An observed sequence of emissions \( X = \{ x_1, x_2, \dots, x_m \} \) where \( m \) is the number of timesteps.

An emission probability matrix \( B \), where each \( b_{ij} \) represents the probability of state \( q_i \) emitting the observation \( x_j \), such that \( \forall i, \sum_{j=1}^m b_{ij} = 1 \). $$ B = \begin{bmatrix} b_{11} & \dots & b_{1m} \\ \vdots & \ddots & \vdots \\ b_{n1} & \dots & b_{nm} \end{bmatrix} $$

A start state \( q_0 \) or a probability distribution over start states \( \pi = \{ \pi_0, \pi_1, \dots, \pi_n \} \), such that \( \sum_{i=1}^n \pi_i = 1 \). For simplicity we will assume the start state is known, that is, we know \( q_0 \) ahead of time.

Notice that with this information we can use Bayes' rule to extract the probability distribution of \( P(z_t | x_t) \) as

$$ P(z_t | x_t) = \frac{P(x_t | z_t) P(z_t)}{P(x_t)}. $$

We can rewrite the terms in the above equation in terms of the variables given for our HMM.

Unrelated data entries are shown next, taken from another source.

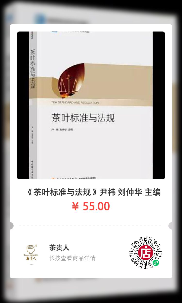 点击上面小程序购书及查阅详情书名:《茶叶标准与法规》全国茶标委副主任委员兼秘书长 中茶院院长尹祎全国茶标委副主任委员 中国工程院院士刘仲华主编出版时间:2021年元月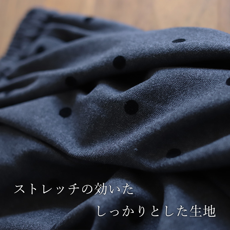 肉感のあるストレッチの効いた生地にフロッキードットがオシャレなスカート。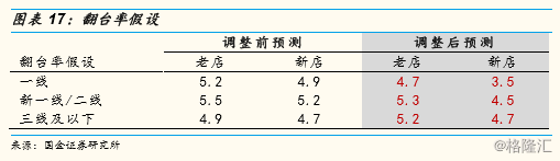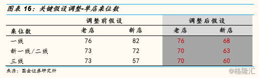 调整翻台率的预测。我们依然维持1000多家门店天花板的预测不变,但根据前文翻台率测算的结果略作调整,调低了一线城市门店的翻台率假设,但对一些门店数量尚处于安全区间的城市则结合门店大小趋势作相应调整。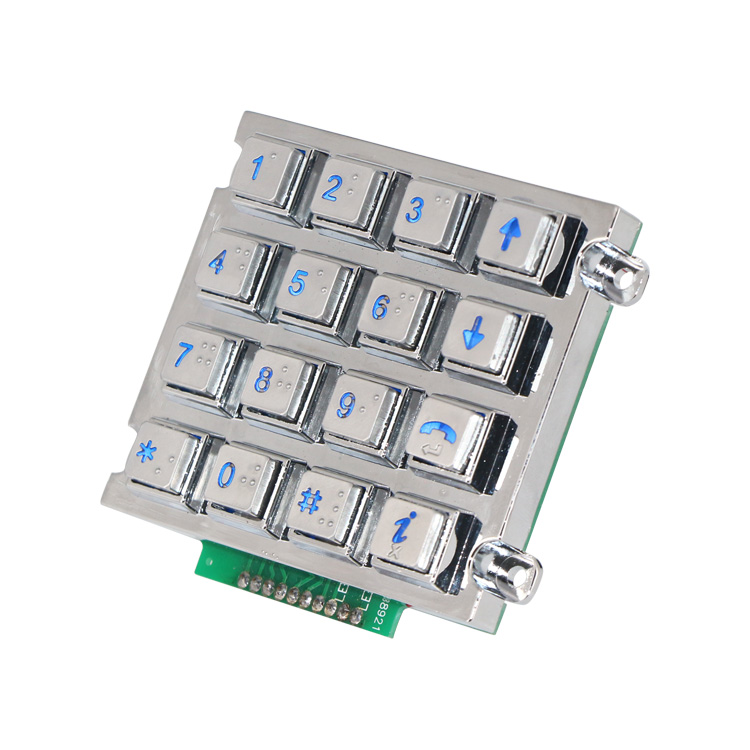1.The durable SINIWO RS232 numeric industrial braille keypad with 4×4 LED metal buttons, which could be used for public machines, access control system or kiosks which operated by disabled people. With braille buttons, the disabled people could use the public facilities whenever they need.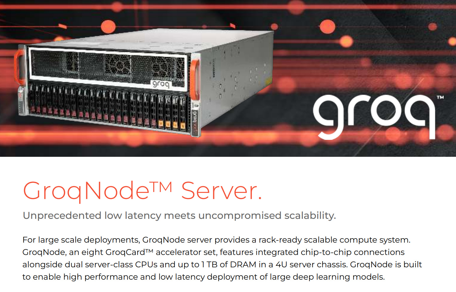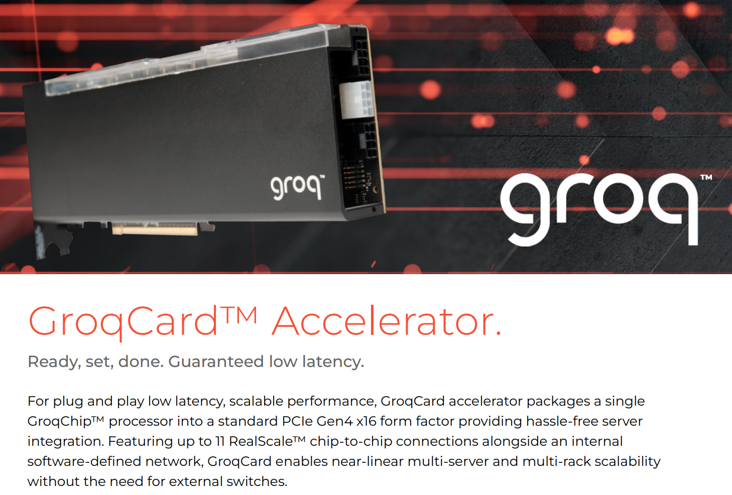 The Next Platform: A pod of its current generation of GroqChips has an optical interconnect that can scale across 264 chips, and if you put a switch between pods, you can scale further but you get the extra hop across the switch jumping between pods, which adds latency. In the next generation of the GroqRack clusters, the system will scale across 4,128 GroqChips on a single fabric, but that is not ready for market just yet, according to Ross. Groq’s next-generation GroqChip, due in 2025, etched in Samsung’s 4 nanometer processes, will scale even further than this thanks to the process shrink, the architectural enhancements, and the advancements in the fabric on the chips.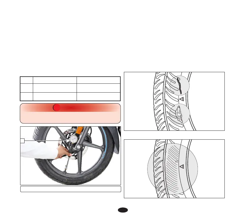 the tread. Replace the tyre if you find any

$$ \begin{equation} P(x_t | z_t) = b(q, x_t), \,\, \text{where $q$ is the state of hidden variable $z_t$.} \\ \end{equation} $$

$$ \begin{equation} P(z_t) = \sum_{q' \in Q} a(q', q) P(q', x_{t-1}), \,\, \text{where $q$ is the state of hidden variable $z_t$.} \end{equation} $$

Now we can rewrite this in terms of the variables defined above

$$ P(q | x_t) = \frac{b(q, x_t) \sum_{q' \in Q} a(q', q) P(q', x_{t-1})}{\sum_{q' \in Q} b(q', x) \sum_{q'' \in Q} a(q'', q') P(q'', x_{t-1})}. $$

That denominator term is complicated, but it turns out that we don't actually need it to calculate the most likely path, as we can model the joint distribution \( P(q, x_t) \). An alternative way of thinking about it is comparing the terms \( P(q_a | x_t) \) and \( P(q_b | x_t) \), according to Bayes' rule, they must have the same denominator \( P(x_t) \). This means dropping the denominator will not change the result of the comparison between the two terms. Dropping the denominator means we are comparing the two joint probabilities \( P(q_a, x_t) \) and \( P(q_b, x_t) \). We'll see in the next section that this is precisely the way Viterbi models the probability of state and emission.

### The Viterbi Algorithm

Naively computing the most likely path requires considering all possible paths through the state lattice and evaluating probabilities for each path. The problem with this approach is the exponential growth in the number of possible paths with respect to the number of timesteps \( m \).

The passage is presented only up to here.